**EXERCISE GOAL:**
Return the data below exactly as given, except for the images.

**DATA EXTRACT:**
◆ ◆ ◆ ◆ ◆ ◆ ◆

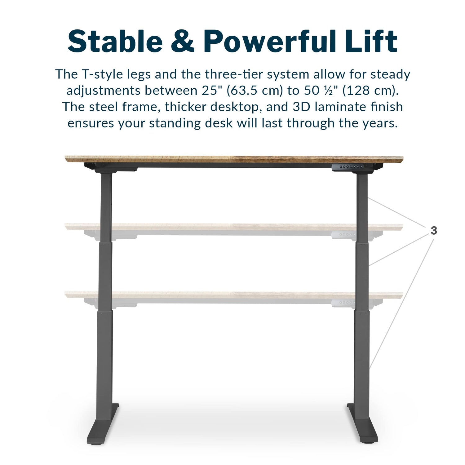 Vari Electric Standing Desk - 60x30 Varidesk, Adjustable Height Stand Up Desk - Dual Motor with Memory Presets, Stable T-Style Legs- Home Office Essentials Computer Desk - Reclaimed Wood
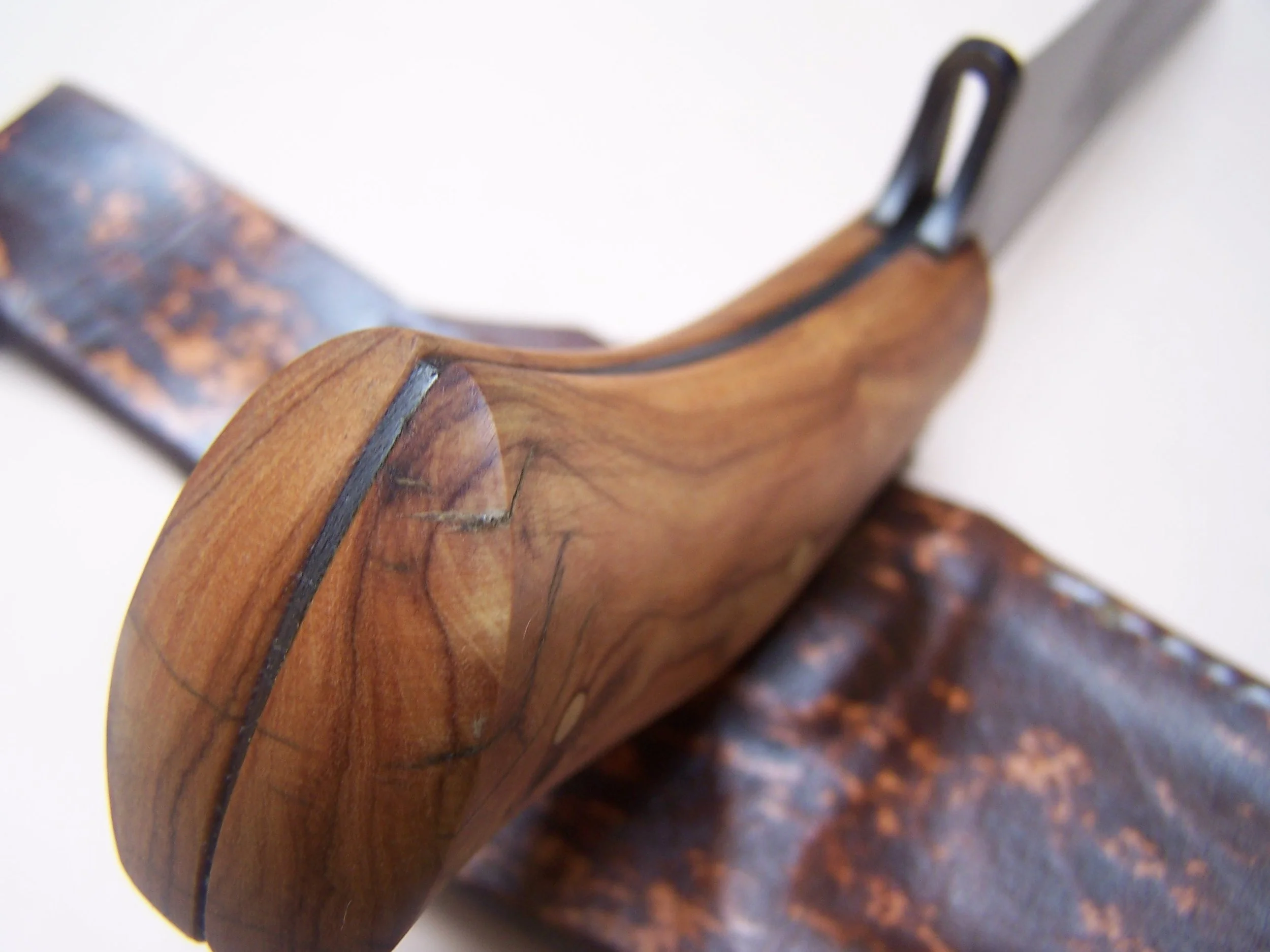 Now to specifics. The blade is Damascus made by me comprised of 320 layers of 5160, 15n20, and 1075 steel 100% hand forged to shape, and fully hardened then differentially tempered which results in exceptional toughness.The blade is tapered from tip to heel for optimum balance.I chose olivewood for its toughness and beauty and it is epoxied and pinned with brass with a museum fit. This ensures that you will never be hindered by a sharp tang that becomes bothersome by shrinking wood which would leave it exposed. The sheath is 7oz vegetable tanned leather which is wet formed and hand stitched by me here in my shop. The finish is what I call “Pinto Bean” which is accomplished in stages.
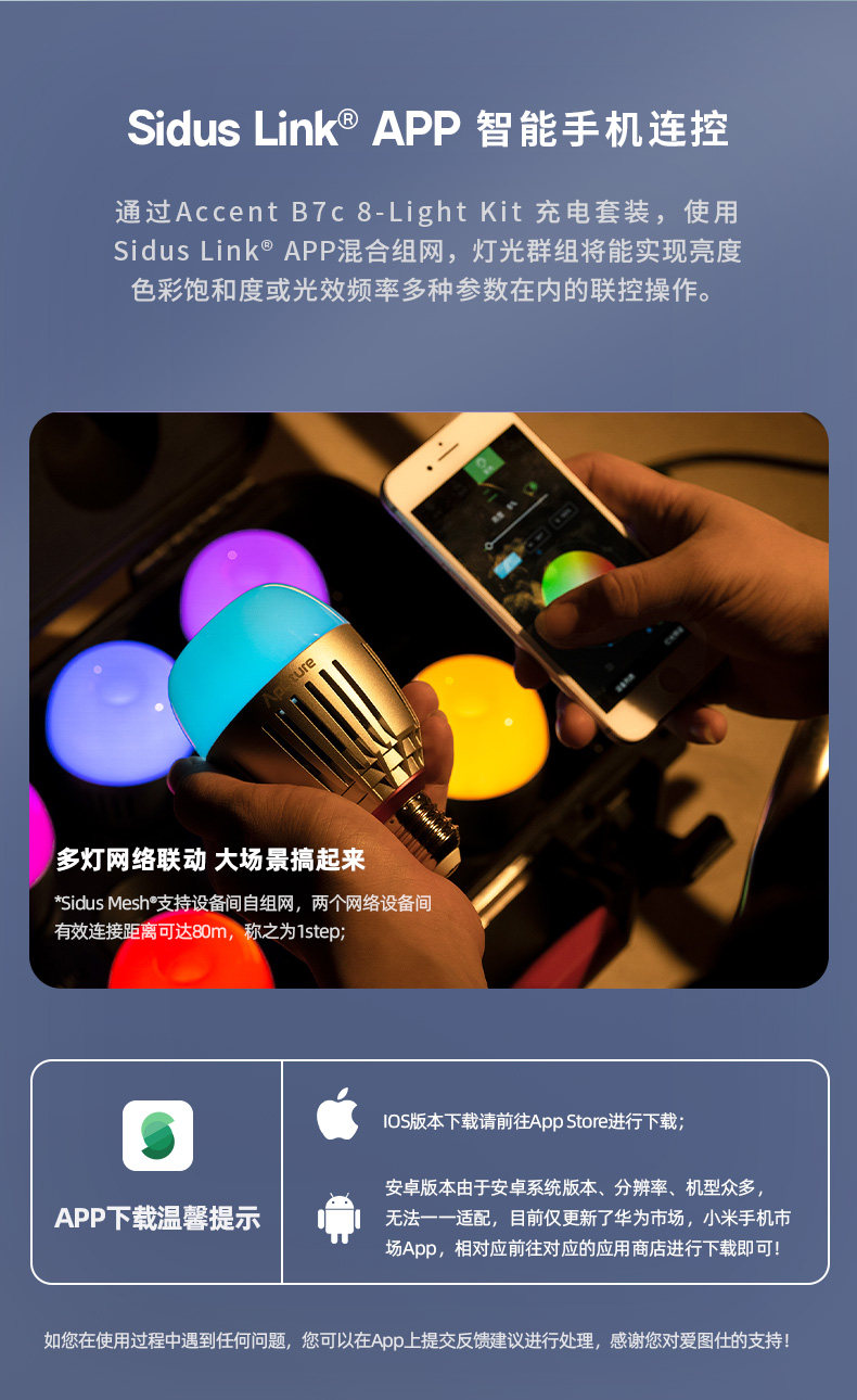 Using Sidus Link® APP hybrid networking, creators only need an Ipad to adjust multiple lighting parameters in real time without any delay. With the Magic Program™ matrix programming function, creators have the ability to program lighting groups, freely define ideal lighting effects, and play with image creativity.

◆ ◆ ◆ ◆ ◆ ◆ ◆

**EXERCISE SOLUTION:**
 Vari Electric Standing Desk - 60x30 Varidesk, Adjustable Height Stand Up Desk - Dual Motor with Memory Presets, Stable T-Style Legs- Home Office Essentials Computer Desk - Reclaimed Wood
 Now to specifics. The blade is Damascus made by me comprised of 320 layers of 5160, 15n20, and 1075 steel 100% hand forged to shape, and fully hardened then differentially tempered which results in exceptional toughness.The blade is tapered from tip to heel for optimum balance.I chose olivewood for its toughness and beauty and it is epoxied and pinned with brass with a museum fit. This ensures that you will never be hindered by a sharp tang that becomes bothersome by shrinking wood which would leave it exposed. The sheath is 7oz vegetable tanned leather which is wet formed and hand stitched by me here in my shop. The finish is what I call “Pinto Bean” which is accomplished in stages.
 Using Sidus Link® APP hybrid networking, creators only need an Ipad to adjust multiple lighting parameters in real time without any delay. With the Magic Program™ matrix programming function, creators have the ability to program lighting groups, freely define ideal lighting effects, and play with image creativity.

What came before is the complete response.